(Records excerpted from a collection)
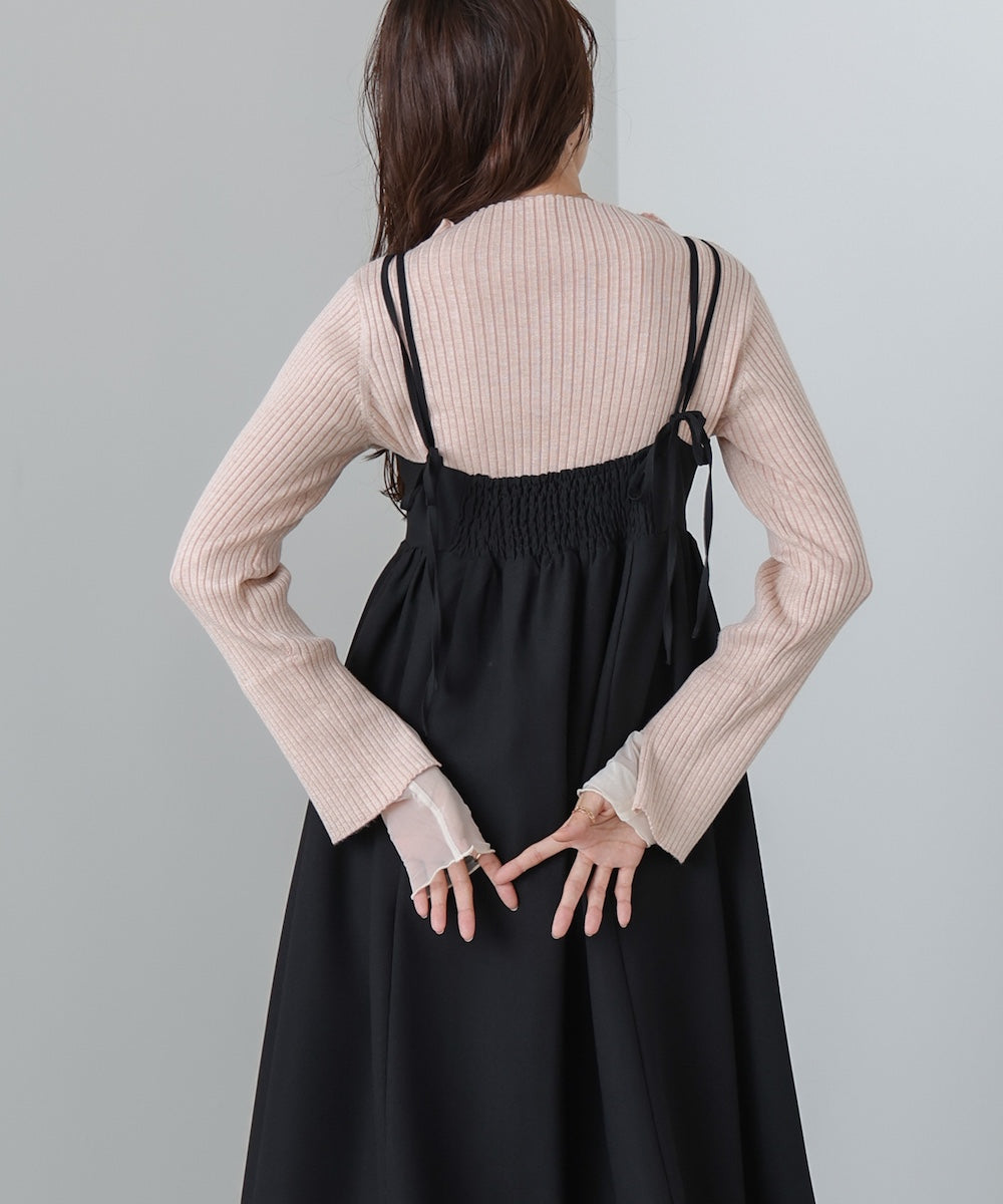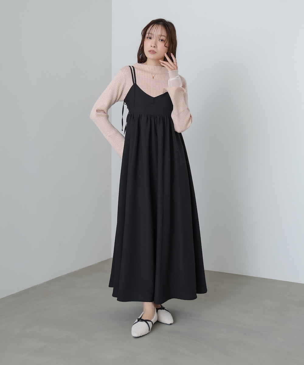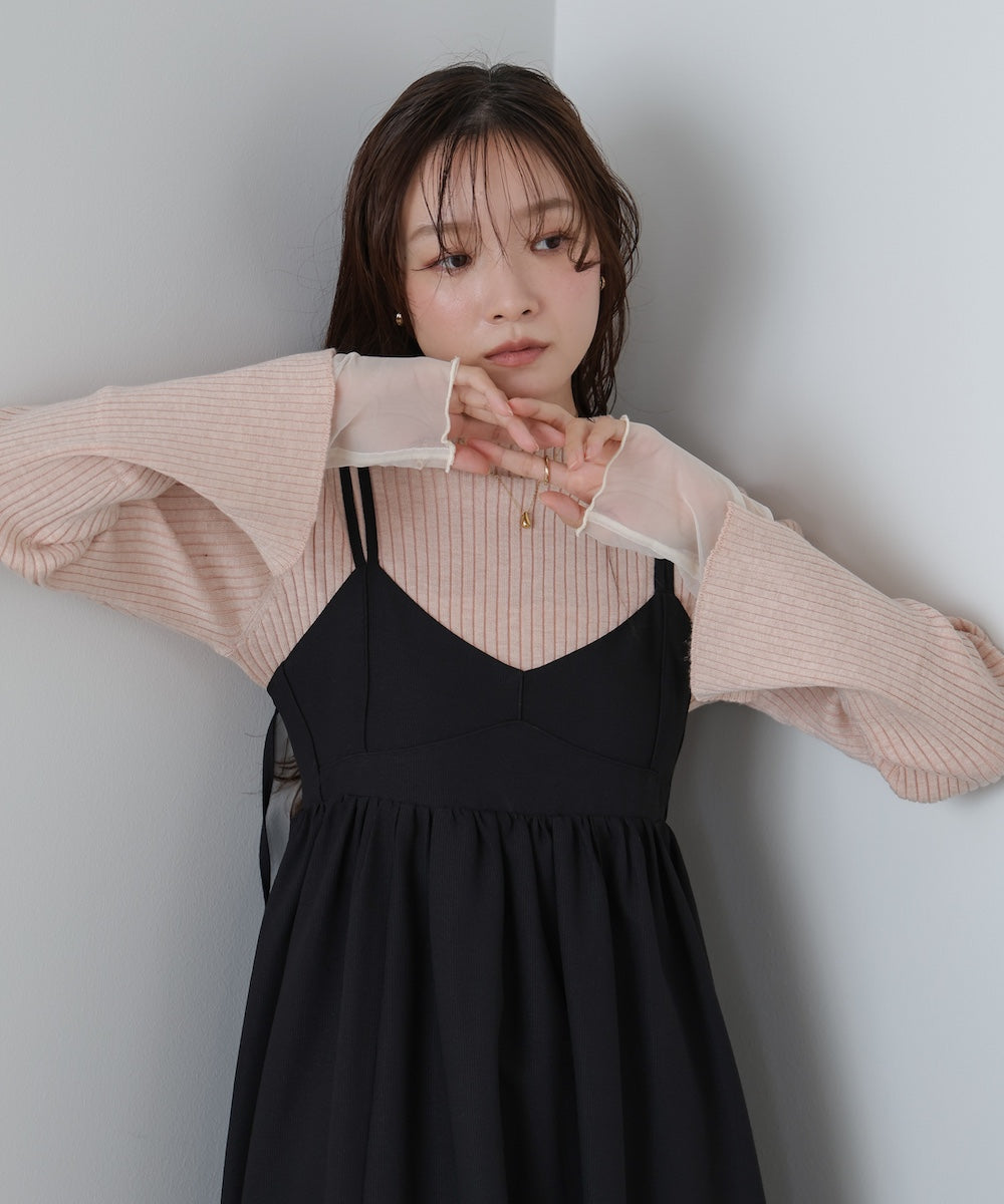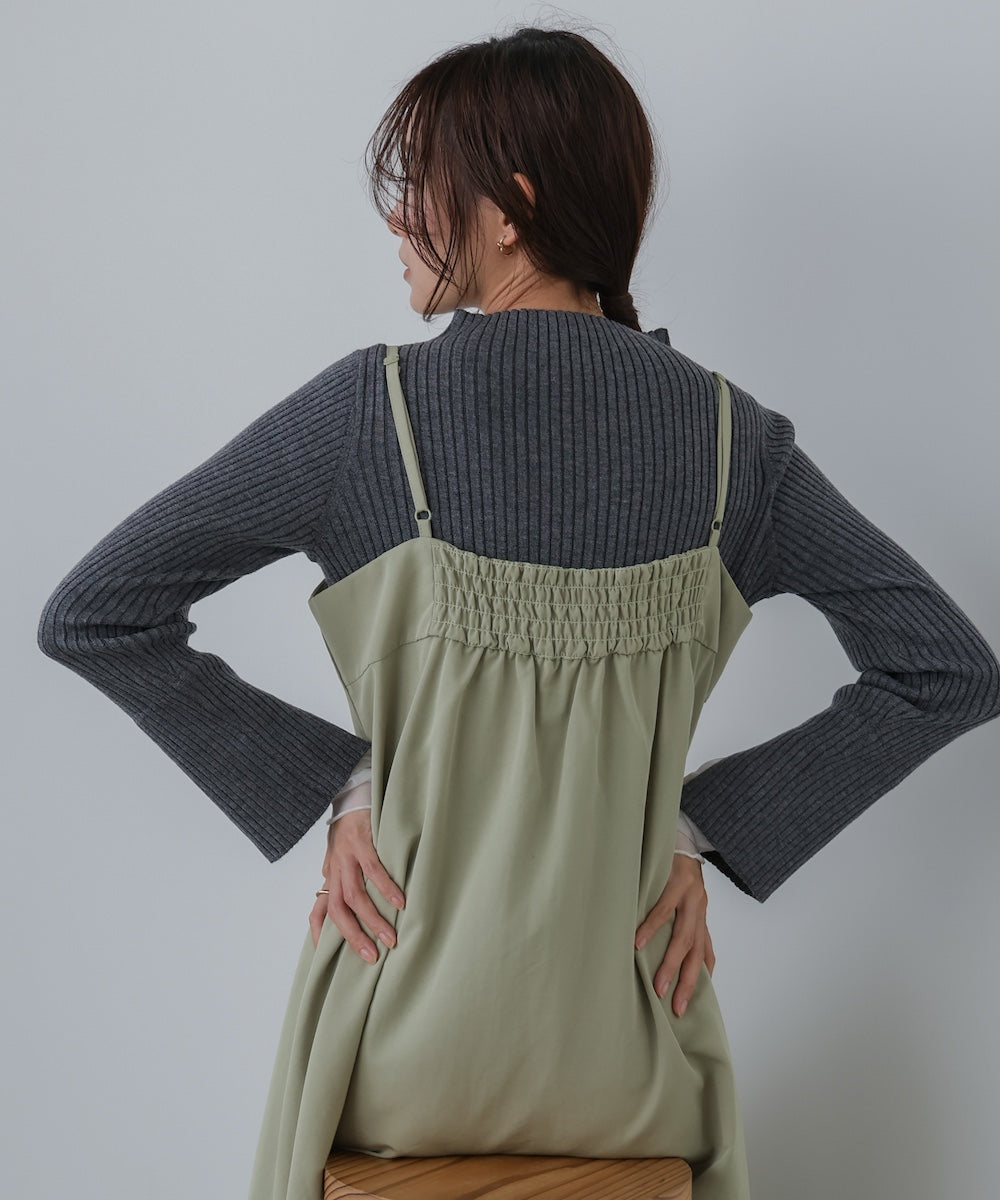 【S・Mサイズ展開】前後2WAYニットカーディガン+ニットキャミワンピース
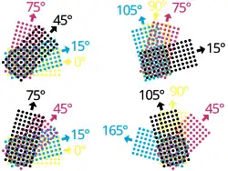 En couleurs, on utilise une trame de points pour chaque couleur primaire, cyan, magenta et jaune, plus le noir, effectuant une synthèse soustractive des couleurs limitées au gamut permis par les trois couleurs primaires.
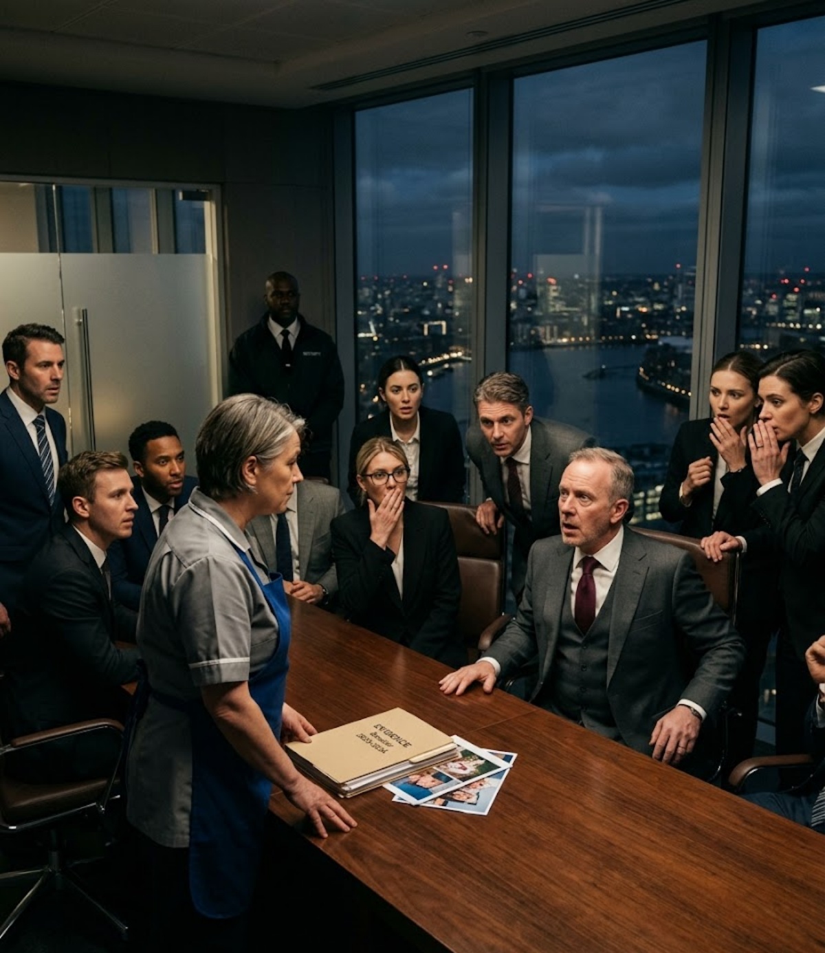 The woman who emptied wastebaskets, polished conference tables, cleaned fingerprints from glass walls, vacuumed executive offices after the men who occupied them had gone home to architect kitchens and wives who pretended not to mind the hours. Evelyn had grown used to the rhythm of invisibility. The quick little silence when conversations stopped because someone important had realized “the cleaning lady” was in the room. The thoughtless remarks people made when they assumed service workers were background music with pulse. The dismissive half-smiles. The impatient gestures. The way some people continued speaking about layoffs and bonuses and “low-level dead weight” while she wiped rings of cold coffee from the exact table where those decisions had been made.
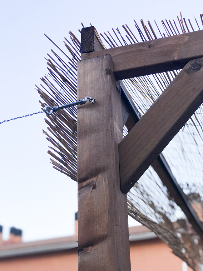 Además, os aclaro que para no hacer agujeros en el suelo y que la pérgola quede perfecta, hemos utilizado este sistema de fijación.
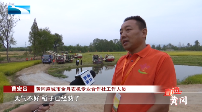 麻城市金舟农机专业合作社工作人员 曹宏吕:“天气不好,稻子已经熟了,再不收割,就全部趴下了。9台收割机,这135亩我们两个小时给它搞(收割)完。”
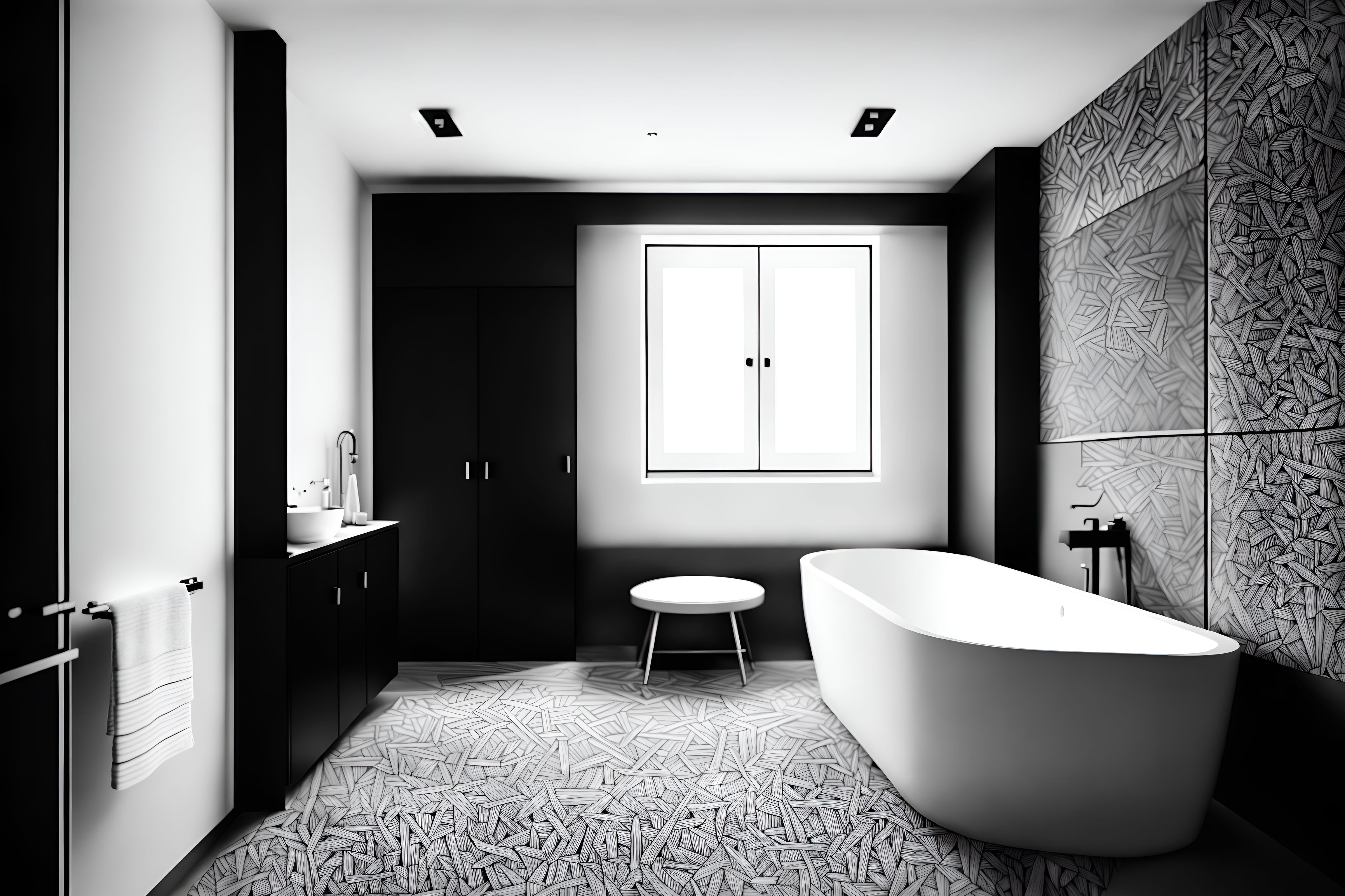 sketch hotel bathrooms(hand-drawn monochrome black and white sketch line drawing)++ of sketch-style interior designed (hotel bathroom) apartment interior. a sketch of interior. with . . a sketch of interior. with bath towel and plant and bath rail. trending on artstation. black and white line drawing sketch without colors.

**What to produce:** With the pictures left out, copy exactly the lines from the one containing "En couleurs, on" through the last line of the data.

**Problem solution:**
 En couleurs, on utilise une trame de points pour chaque couleur primaire, cyan, magenta et jaune, plus le noir, effectuant une synthèse soustractive des couleurs limitées au gamut permis par les trois couleurs primaires.
 The woman who emptied wastebaskets, polished conference tables, cleaned fingerprints from glass walls, vacuumed executive offices after the men who occupied them had gone home to architect kitchens and wives who pretended not to mind the hours. Evelyn had grown used to the rhythm of invisibility. The quick little silence when conversations stopped because someone important had realized “the cleaning lady” was in the room. The thoughtless remarks people made when they assumed service workers were background music with pulse. The dismissive half-smiles. The impatient gestures. The way some people continued speaking about layoffs and bonuses and “low-level dead weight” while she wiped rings of cold coffee from the exact table where those decisions had been made.
 Además, os aclaro que para no hacer agujeros en el suelo y que la pérgola quede perfecta, hemos utilizado este sistema de fijación.
 麻城市金舟农机专业合作社工作人员 曹宏吕:“天气不好,稻子已经熟了,再不收割,就全部趴下了。9台收割机,这135亩我们两个小时给它搞(收割)完。”
 sketch hotel bathrooms(hand-drawn monochrome black and white sketch line drawing)++ of sketch-style interior designed (hotel bathroom) apartment interior. a sketch of interior. with . . a sketch of interior. with bath towel and plant and bath rail. trending on artstation. black and white line drawing sketch without colors.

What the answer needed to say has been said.